[Given data]
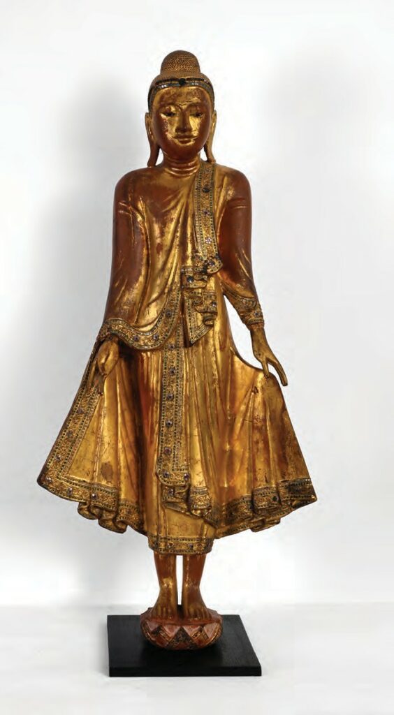 Hugo en Loes kochten bij Galerie De Ruimte een negentiende-eeuwse Mandalay Boeddha Sakyamuni uit Birma. Een Mandalay boeddha heeft meestal een jeugdige, vriendelijke uitstraling. Het met bladgoud bedekte beeld draagt een lang koninklijke gewaad, uttarasanga, fraai geplooid en aan de randen gedecoreerd.
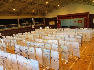 理科の科学展審査が玉水小学校の体育館で行われました。子ども達が夏休みの自由研究でまとめたもの中から学校代表に選ばれた作品が審査されました。
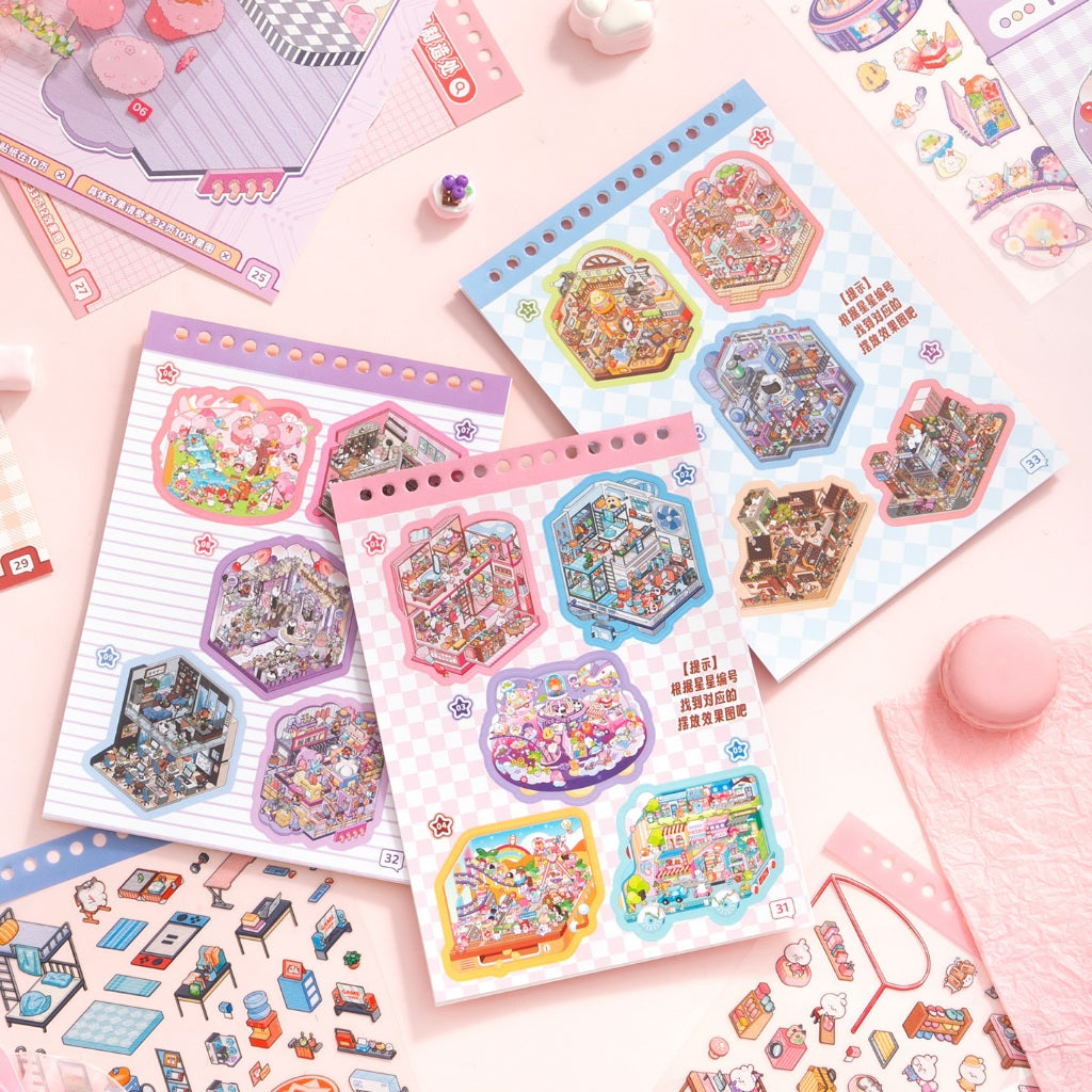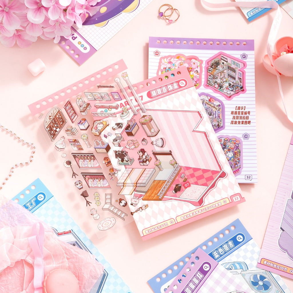 From romantic bedrooms and vintage reading rooms to music corners and cafés — each scene brings storybook vibes into your journal or gift box.

[Task to carry out]
Copy every line of the data word for word, omitting the images.

[Exercise output]
 Hugo en Loes kochten bij Galerie De Ruimte een negentiende-eeuwse Mandalay Boeddha Sakyamuni uit Birma. Een Mandalay boeddha heeft meestal een jeugdige, vriendelijke uitstraling. Het met bladgoud bedekte beeld draagt een lang koninklijke gewaad, uttarasanga, fraai geplooid en aan de randen gedecoreerd.
 理科の科学展審査が玉水小学校の体育館で行われました。子ども達が夏休みの自由研究でまとめたもの中から学校代表に選ばれた作品が審査されました。
 From romantic bedrooms and vintage reading rooms to music corners and cafés — each scene brings storybook vibes into your journal or gift box.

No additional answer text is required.